All in all not very pretty, and not very complex, but works pretty darn good for a first version.

Comments, and recommendations for improvements, would be appreciated.


----------



## karlkuehn (Jan 14, 2008)

Wow, you got fancy! I just use an Irwin squeezy hand clamp for mine! heh

Nice jig!

[]


----------



## Ron Mc (Jan 14, 2008)

Interesting! And you didn't bring this to lunch today, Why?


----------



## LEAP (Jan 14, 2008)

Nicely done, thanks for sharing. I picked up a veneer press screw like that at Woodcraft recently for about $20. Guess I'll have to go get another one.


----------



## lwalden (Jan 14, 2008)

> _Originally posted by Ron Mc_
> <br />Interesting! And you didn't bring this to lunch today, Why?

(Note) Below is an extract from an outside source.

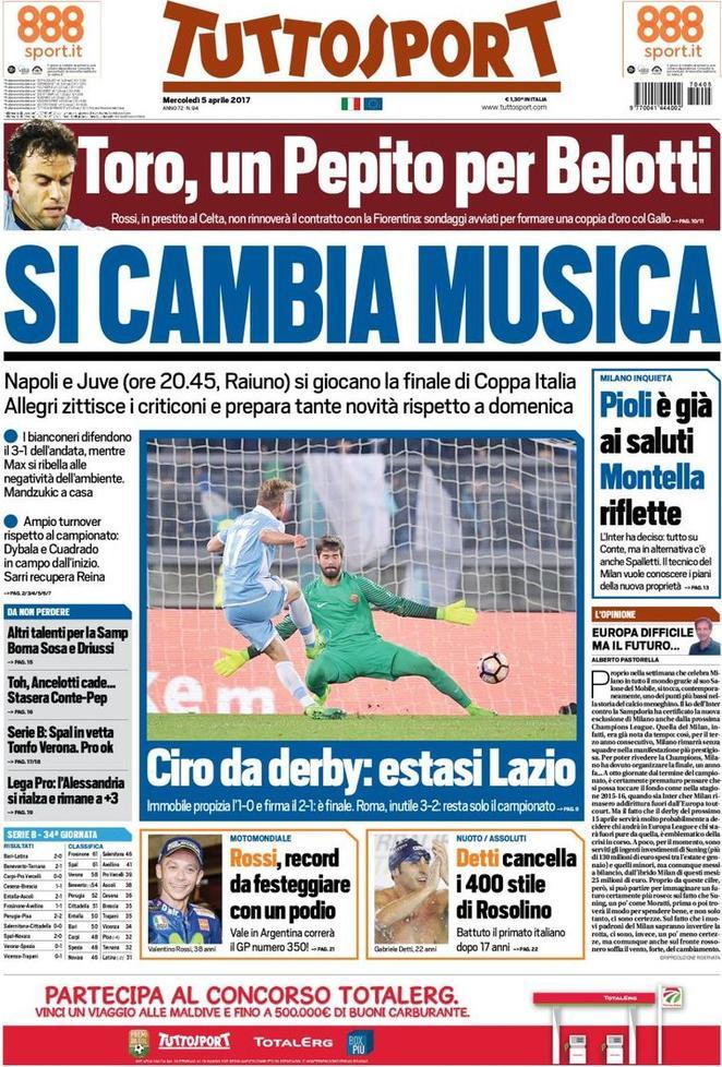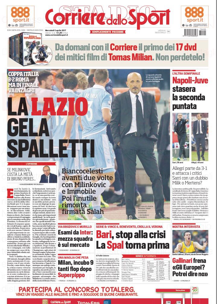 La prima pagina di Tuttosport si concentra sui piani dei nerazzurri per il futuro. A Champions svanita, si pensa alla prossima stagione. A cominciare dall’allenatore, ci saranno dei cambiamenti. Pioli, infatti, è già ai saluti: l’Inter vuole puntare tutto su Conte. Il tecnico del Chelsea è l’obiettivo numero uno per la panchina nerazzurra nella stagione 2017/2018. Il Corriere dello Sport, invece, non si concentra solo sull’allenatore, ma anche sui giocatori: nessuno è incedibile, mezza squadra è sul mercato. Tra i nerazzurri dati per partenti, ci sono Jeison Murillo, che ha perso il posto da titolare, e Marcelo Brozovic, che ha fallito l’ennesimo, e forse ultimo, esame di maturità in nerazzurro. Il croato, contro la Sampdoria a San Siro, ha fornito una prova deludente, causando entrambi i gol dei blucerchiati (tiene in gioco Schick sull’1-1, causa il rigore dell’1-2).

Why? How 'bout, cuz I didn't want the master of artistic segmented blanks laughing at my poor feeble attempts to make simple 90 degree segments easier? And, when was the last time your finished segmented piece didn't include half a dozen screwy, uh, er, artistically angled segments? [][}] See, that's the difference between listening to "phantom of the Opera" while coming up with a blank design, and listening to good ol' Stevie Ray while slapping some straight cuts together........[8D]


----------



## leehljp (Jan 14, 2008)

In making mine, the first thing I do is glue the center section on the tube and then turn it down on the lathe to have square ends. This not only squares up the ends of the center section but lets me measure and make sure it is centered.

Next I get all of the segments lined up and make sure the two outside (end) segments are about 1/8 in longer than the tube. I use Thick CA here (and on one occasion, I used 5 min epoxy) and clamp the whole setup in my padded bench vise.

I like your set up too.


----------



## TBone (Jan 14, 2008)

Lyle, very cool and definitely has me thinking about how to make mine.


----------



## fernhills (Jan 14, 2008)

Hi, i have been racking my brain on how to make something like that but nevr thought of a press screw,if ya keep them in line it will make the next step easier,i go astray trying to sand glue off and press to hard and somethings go out of sq. Thanks Carl


----------



## R2 (Jan 15, 2008)

Nifty little device.[][]


----------



## Sylvanite (Jan 15, 2008)

Lyle,

Great idea, and thanks for sharing.  So far, I've just been using c-clamps and delrin strips.

Regards,
Eric


----------